There's obviously something appealing about ending the lawsuits and letting people file share freely. But, it's quite problematic to add an effective "tax" when none is necessary. Plenty of other business models, such as those we've outlined here and elsewhere can suffice to fund the creation of music. The presentation says that a nonprofit has been set up to handle the money, claiming that it's "to be clear we intend to operate with good intentions and not profit as a motive," but given the way the industry has acted in the past, that's difficult to take at face value. Also, this isn't really a license. It's a "covenant not to sue" -- meaning that lawsuits could still result.
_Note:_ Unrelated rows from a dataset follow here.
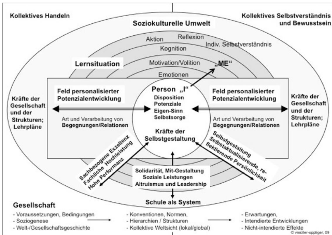
Abb.2 Ökologische Begabungsmodell (Müller-Oppliger, V., 2014)

Die Person steht im Zentrum mit ihren Potenzialen, Dispositionen und Personenmerkmalen; umgeben von ihrem soziokulturellen Umfeld mit dessen Erwartungen, Werten und Einstellungen. Beide, die Personenmerkmale wie auch das Umfeld können in der Interaktion hemmend oder fördernd wirken. Ökologisch ist das Modell einerseits mit Bezug auf die Systemtheorie der Persönlichkeitsentwicklung nach Bronfenbrenner (1981), andererseits, weil es nachhaltig das lebenslange Lernen unterstützt und steuert. Vorhandene Potenziale werden (an)erkannt und sollen weiter entwickelt und optimal gefördert werden.
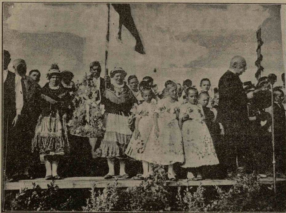
Az új kenyér ünnepe Szegeden.

Ósi szokások szerint az uj kenyér megszegése alkalmával a falvakon, vagy
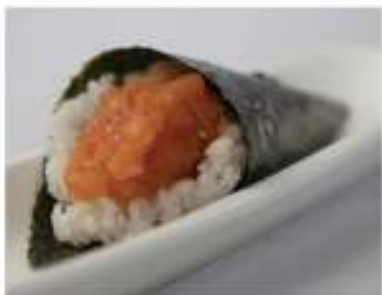
95/ Temaki spicy salmon €4,00 Cono di riso avvolto da alga nori con tartare di salmone e salsa piccante Allergeni: 3

As a colleague of mine is fond of saying, “nonprofit is a tax status, not a business model,” meaning, that nonprofits do not have to run in the red. They can derive revenues that exceed their costs, i.e., make a profit. If such is the case, will there be a refund back to the institutions and students, or will that excess profit go back to the recording industry? There is nothing wrong with the recording industry profitable. It is necessarily if the industry is to survive and prosper. The concern would be that an involuntary tax be employed to students, when not all students may take advantage of the service. There are other potential business models developing in and around higher education that could also work. Institutional licensing has some other risks, such as long-term costs versus the initial cost ramifications.

A final observation, made by another colleague of mine, is that at the end of the EDUCAUSE PowerPoint presentation there is a note that how this model could lead to all other content following a similar model – including text. In the library space we hear claims of a “serials crisis” brought on, in large part, by the growing licensing costs associated licensing fees applied by the content holders. Perhaps different groups in higher education should fund a study or policy paper review to evaluate the true implications (costs and savings) to students and institutions presented by content licensing over both the short and long terms.